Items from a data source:

--

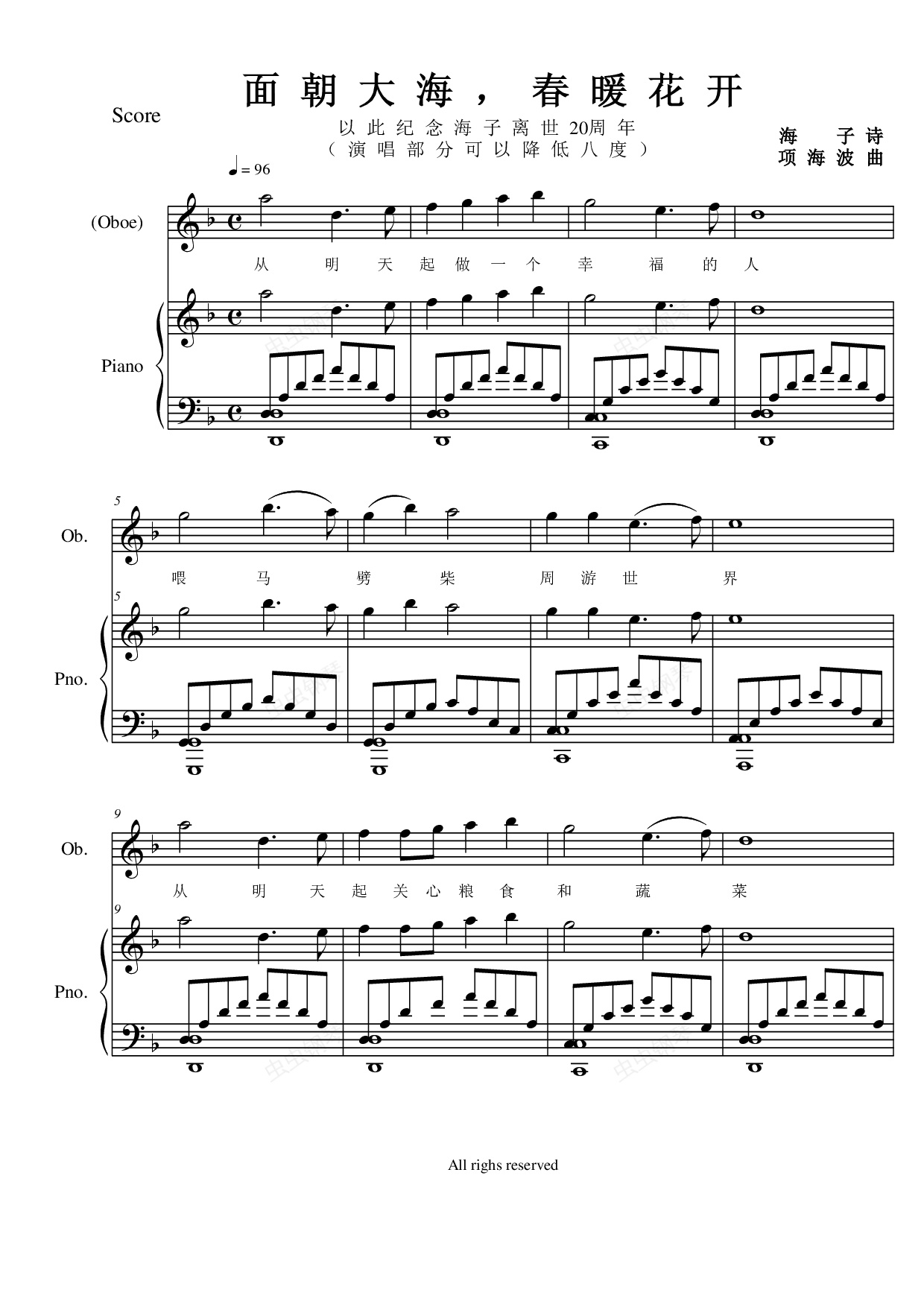 钢琴谱:面朝大海,春暖花开(唱词+钢琴)
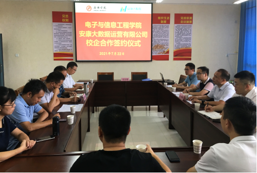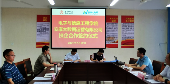 7月22日上午,yl6809永利官网yl6809永利官网与安康大数据运营有限公司在江北校区逸夫科技楼B702成功举行校企合作签约仪式。安康大数据运营有限公司总经理彭永辉、副总经理王毅立、梁铭及公司各部门负责人、yl6809永利官网院长陈守满、副院长王克刚、宋权华、大数据与智能信息处理中心主任余顺园、计算机专业相关教师出席本次仪式。签约仪式由yl6809永利官网副院长宋权华主持。
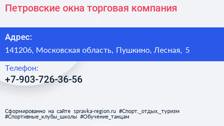 Петровские окна, торговая компания по адресу 141206, Московская область, Пушкино, Лесная, 5 в дальнейшем Организация, размещена в следующих категориях:
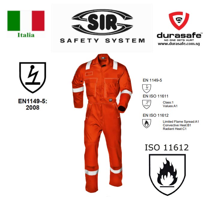 Coverall with shirt collar in 99% cotton, 1% carbon fibre, 230 g/m². twoway central zipper closure with flap and Velcro, chest pockets with zipper
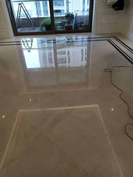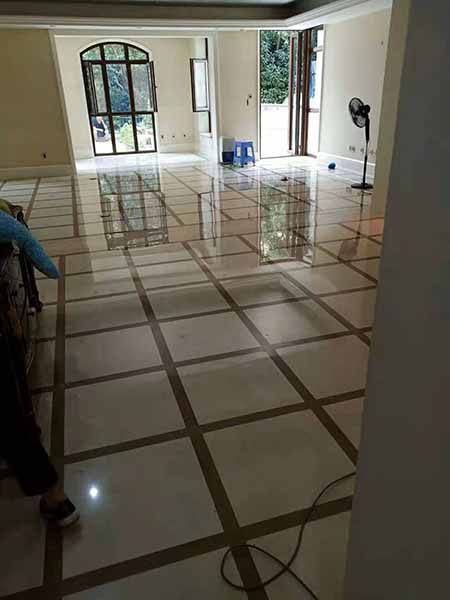 翻新程序全部完成后,用清水洗净并吸干石材表面的水,大理石轻度翻新
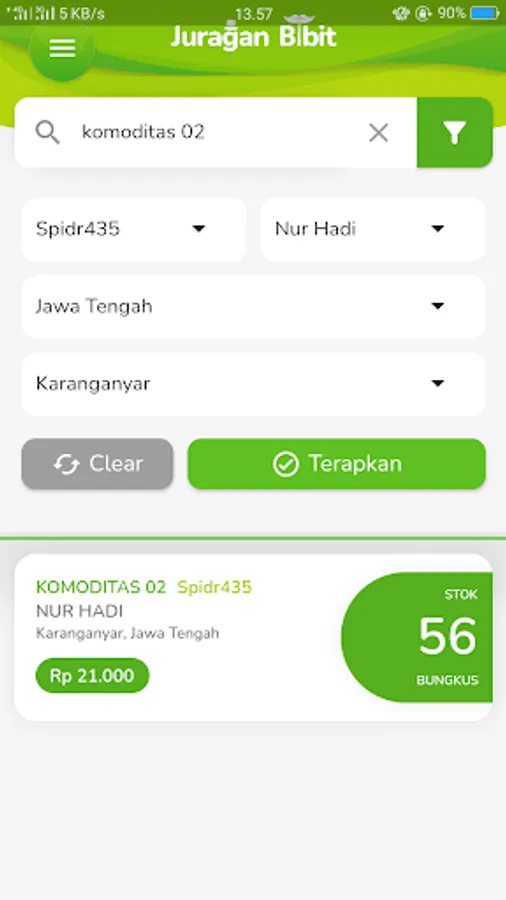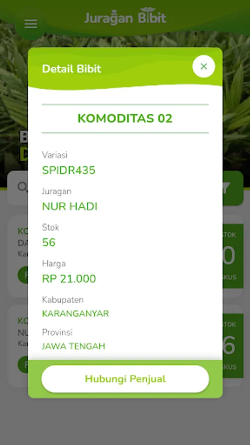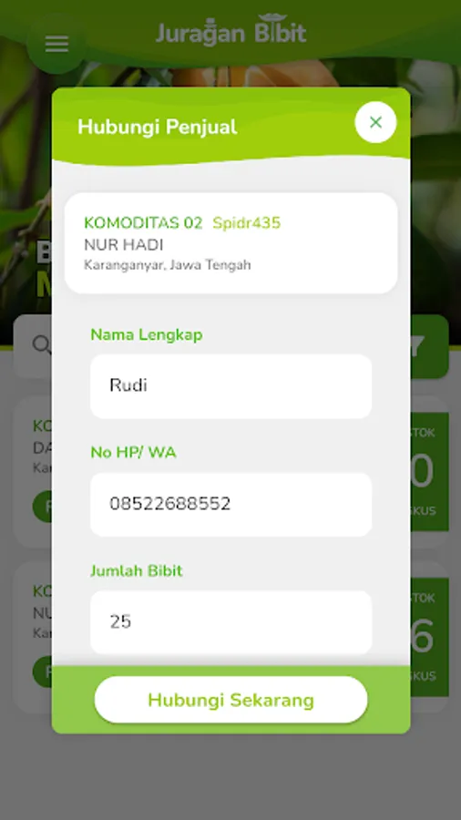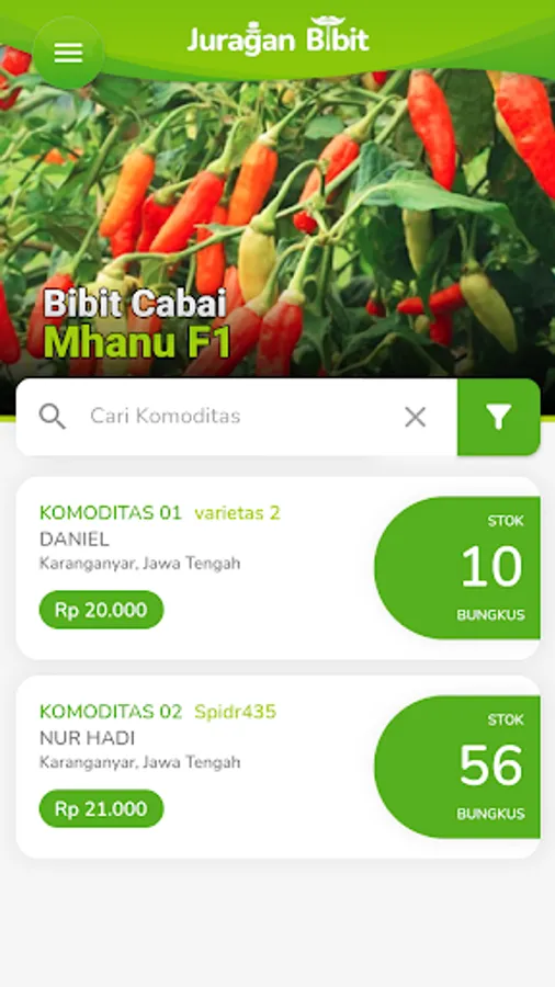 This application can search for seeds of a commodity based on location to district level location. This application also brings together seed sellers (seedlings) with buyers at the desired location. Meanwhile, the transaction becomes an offline agreement for the seedling skipper and the buyer.

--

WHAT IS EXPECTED: From the opening line of the entries, copy each line exactly until the line with "翻新程序全部完成后,用清水洗净并吸干石材表面的水,大理石轻度翻新", which is copied as well; leave out pictures.

ANSWER FOR THE TASK:
 钢琴谱:面朝大海,春暖花开(唱词+钢琴)
 7月22日上午,yl6809永利官网yl6809永利官网与安康大数据运营有限公司在江北校区逸夫科技楼B702成功举行校企合作签约仪式。安康大数据运营有限公司总经理彭永辉、副总经理王毅立、梁铭及公司各部门负责人、yl6809永利官网院长陈守满、副院长王克刚、宋权华、大数据与智能信息处理中心主任余顺园、计算机专业相关教师出席本次仪式。签约仪式由yl6809永利官网副院长宋权华主持。
 Петровские окна, торговая компания по адресу 141206, Московская область, Пушкино, Лесная, 5 в дальнейшем Организация, размещена в следующих категориях:
 Coverall with shirt collar in 99% cotton, 1% carbon fibre, 230 g/m². twoway central zipper closure with flap and Velcro, chest pockets with zipper
 翻新程序全部完成后,用清水洗净并吸干石材表面的水,大理石轻度翻新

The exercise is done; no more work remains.